Activity => Go through the records and extract every line with the word "file".

[[ Source data open ]]

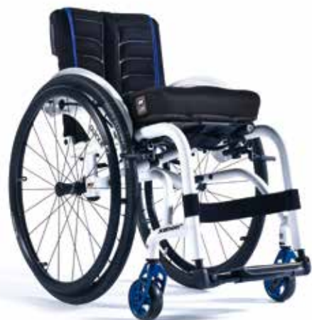
XENON 2 HYBRID LE PLUS RIGIDE
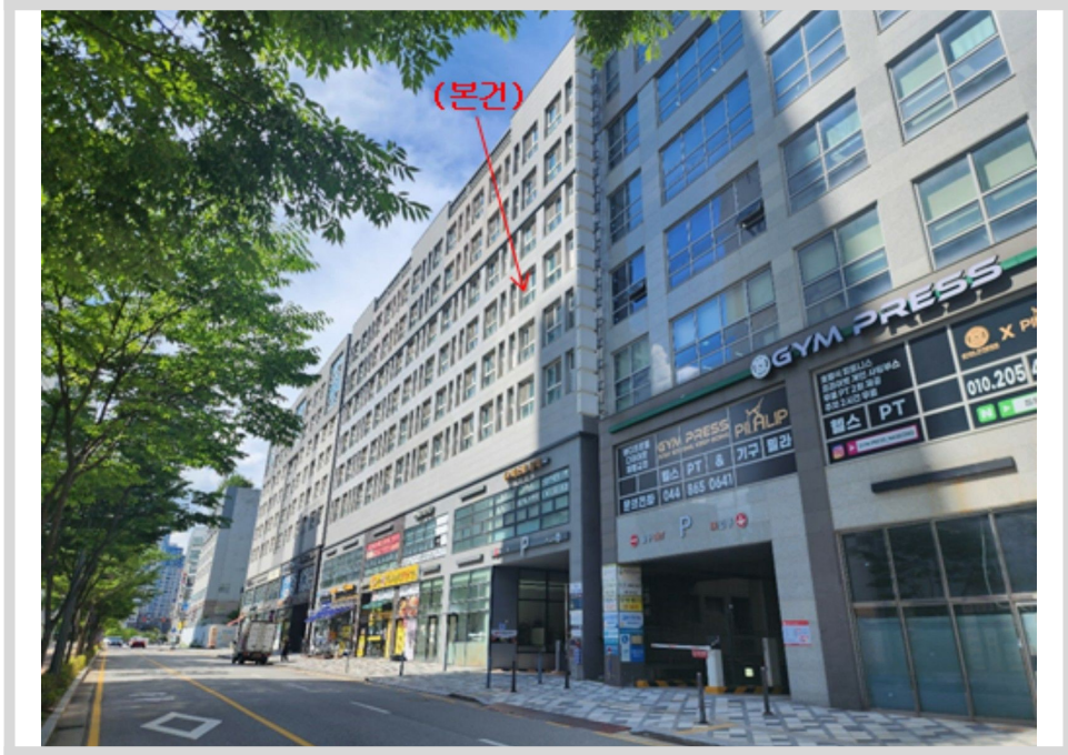
본건 전경 - 본건 남측에서 촬영
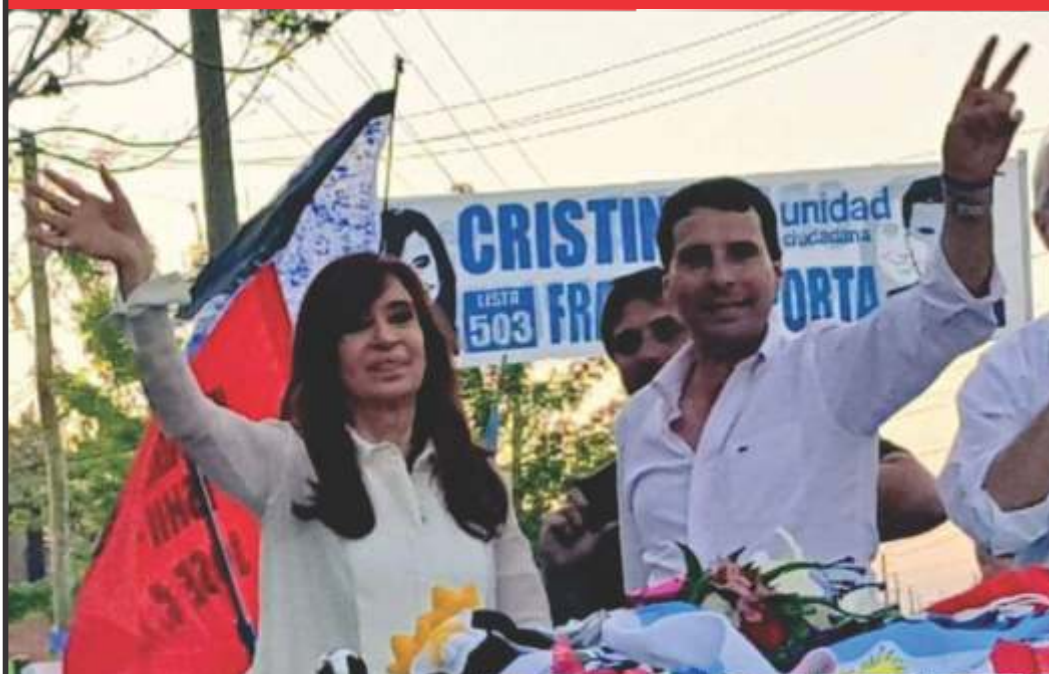
LOS TRIUNFOS EN OCTUBRE DE FERNÁNDEZ Y KICILLOF SON IRREVERSIBLES. SAN MIGUEL NO PUEDE QUEDAR AISLADO
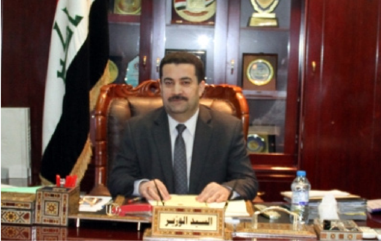
محمد شياع السوداني

منتجات عديدة ومتنوعة . مشيراً الى ان الوزارة عملت على ايجاد اسواق او منافذ لتصريف هذه المنتجات . فضلاً عن تنفيذ برامج تدريبية جديدة حسب المهن التي يحتاجها سوق العمل . وتابع السوداني ان الالية الجديدة في منح اعانة الحماية الاجتماعية لن تسمح بحصول الفئات الفقيرة كون العملية قائمة على الباحث الاجتماعي والزيارة الميدانية وكذلك نقاط محكمة البيانات وجميعها نقاط محكمة حول دون حدوث تجاوز على برنامج الحماية الاجتماعية .
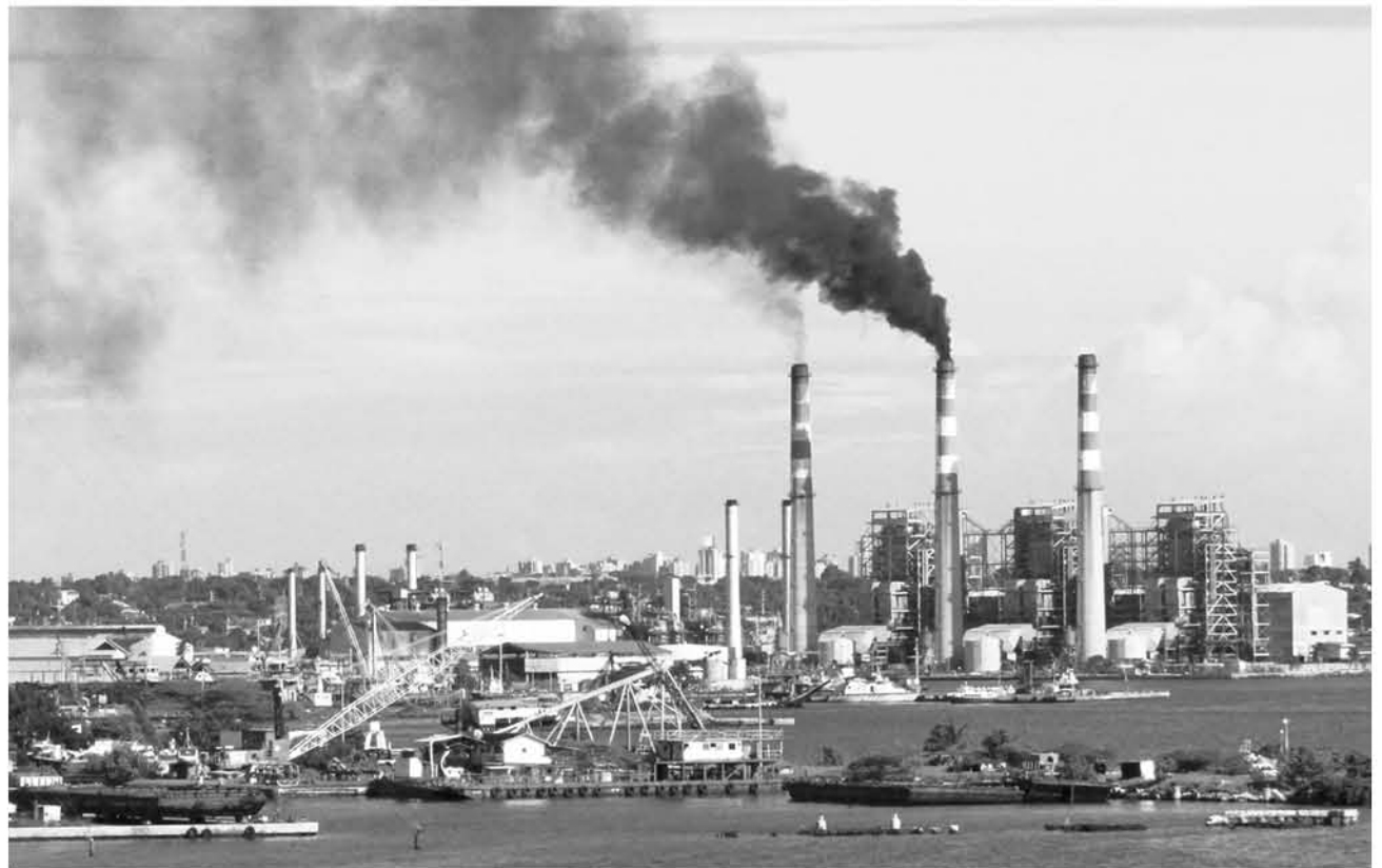
EL ACUERDO APUNTA a reducir las emisiones contaminantes locales generadas por las generadoras a carbón.

Además, acordaron que se creará un Grupo de Trabajo para que analice, en el contexto de los objetivos de la Política Energética 2050, los elementos tecnológicos, ambientales, sociales, económicos, de seguridad y de suficiencia de cada planta y del
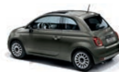
372 Grigio Colosseo
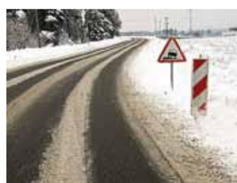
Kurvide nn sirgeks lõikamine tekitab liiklusohutlikke olukordi.

Seoses käesoleva talve järjekordselt raskete lumeloludega on tunduvalt muutunud liiklusolud.
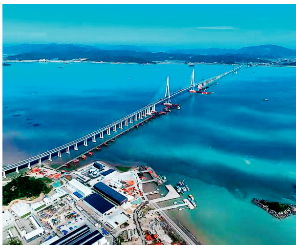
蔚蓝象山港
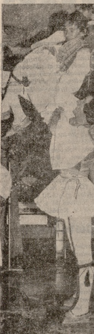
ΜΕ ΠΟΛΥ ΘΕΑΜΑ
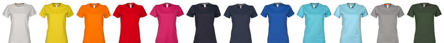
BLANC JAUNE ORANGE ROUGE FUCHSIA NOIR BLEU MARINE BLEU ROI BLEU ATOLL AZUR GRIS ACIER VERT
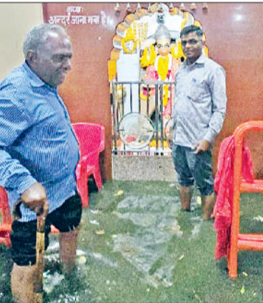
रेवाड़ी। गत 18 मार्च को हनुमान मंदिर में भरे गंदे पानी का फाइल फोटो।

शहर के प्राचीन बड़ा तालाब हनुमान मंदिर में सीवरज पानी भरने की समस्या को लेकर वकीलों ने नाराजगी जताते हुए विभाग के खिलाफ कार्रवाई मांग की है। अधिवक्ताओं ने इसे धार्मिक भावना आहत करने का मामला बताया है। गत 18 मार्च को तेज बरसात आने पर मंदिर परिसर में सीवर का पानी भर गया था, जिससे श्रद्धालुओं को परेशानी उठानी पड़ी। पुलिस अधीक्षक को दी गई शिकायत में अधिवक्ताओं ने कहा कि इस मामले में किसी भी विभागीय अधिकारी व
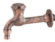
ก๊อกสนามก้านยาว แบบลวดลาย
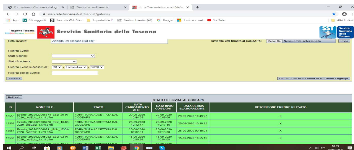
Figura 7 report file inviati al Cogeaps

Nella figura sottostante sono evidenziati i file acquisiti correttamente (in verde). In caso di file non acquisiti (che il sistema evidenzia in rosso) questi vengono controllati nuovamente dal personale della Formazione che provvede, se necessario, a re-inviarli.

[[ Source data closed ]]

Answer box =>
Figura 7 report file inviati al Cogeaps
Nella figura sottostante sono evidenziati i file acquisiti correttamente (in verde). In caso di file non acquisiti (che il sistema evidenzia in rosso) questi vengono controllati nuovamente dal personale della Formazione che provvede, se necessario, a re-inviarli.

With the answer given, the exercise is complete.